SUPPLIED DATA section start

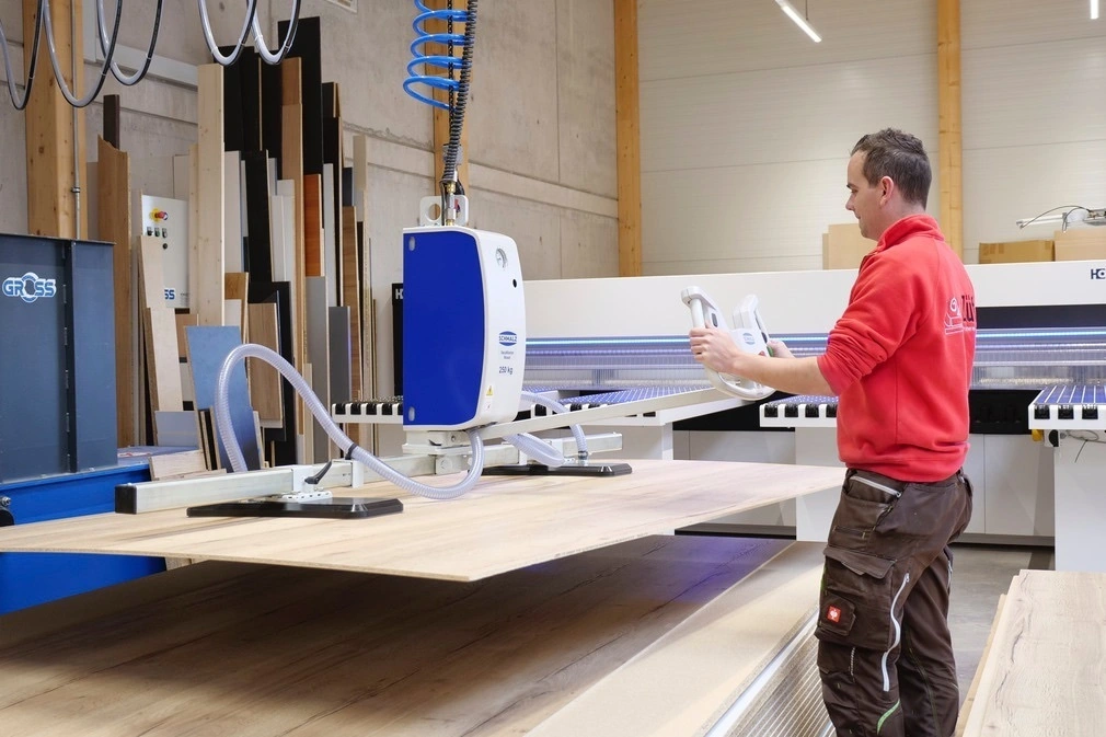 Whether for carpenters, furniture makers or wood traders: The VacuMaster Wood Comfort is the ideal lifting solution for the woodworking shop. The vacuum lifting device transports a wide variety of wooden boards or beams gently and ergonomically. Both airtight and air-permeable workpieces up to 5,000 mm in length can be handled.
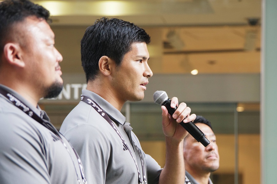 そして、2023-24シーズン全18試合出場を達成した大山祥平選手とネイサン・ヒューズ選手、公式戦100試合出場を達成した柳川大樹選手とロトアヘア ポヒヴァ大和選手から、応援いただいたファンの皆様へご挨拶を実施。
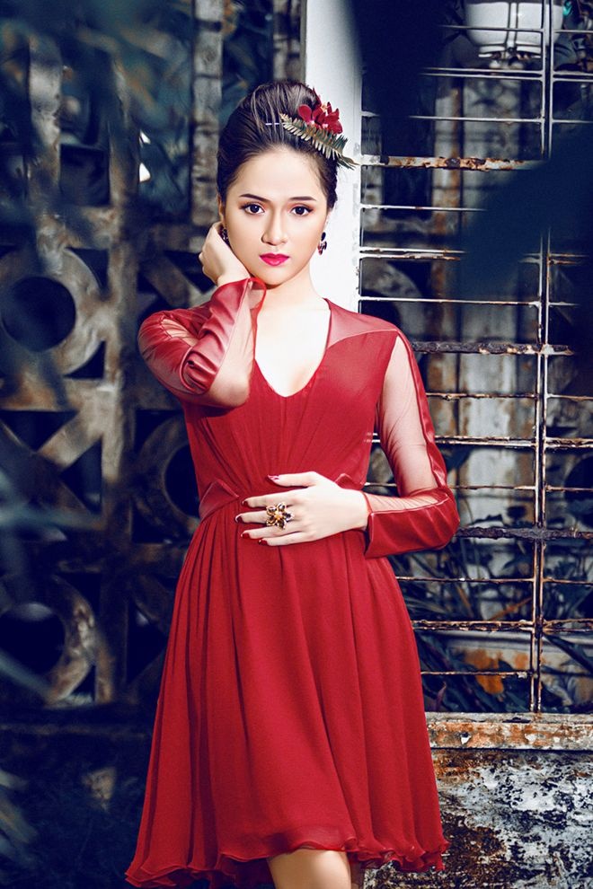 | Trong bộ ảnh mới nhất, Hương Giang hóa thân gợi cảm và quyến rũ với tông màu đỏ. Thiết kế của Lê Thanh Hòa. |

SUPPLIED DATA section end

Leave the pictures out and restate the listing word for word.

 Whether for carpenters, furniture makers or wood traders: The VacuMaster Wood Comfort is the ideal lifting solution for the woodworking shop. The vacuum lifting device transports a wide variety of wooden boards or beams gently and ergonomically. Both airtight and air-permeable workpieces up to 5,000 mm in length can be handled.
 そして、2023-24シーズン全18試合出場を達成した大山祥平選手とネイサン・ヒューズ選手、公式戦100試合出場を達成した柳川大樹選手とロトアヘア ポヒヴァ大和選手から、応援いただいたファンの皆様へご挨拶を実施。
 | Trong bộ ảnh mới nhất, Hương Giang hóa thân gợi cảm và quyến rũ với tông màu đỏ. Thiết kế của Lê Thanh Hòa. |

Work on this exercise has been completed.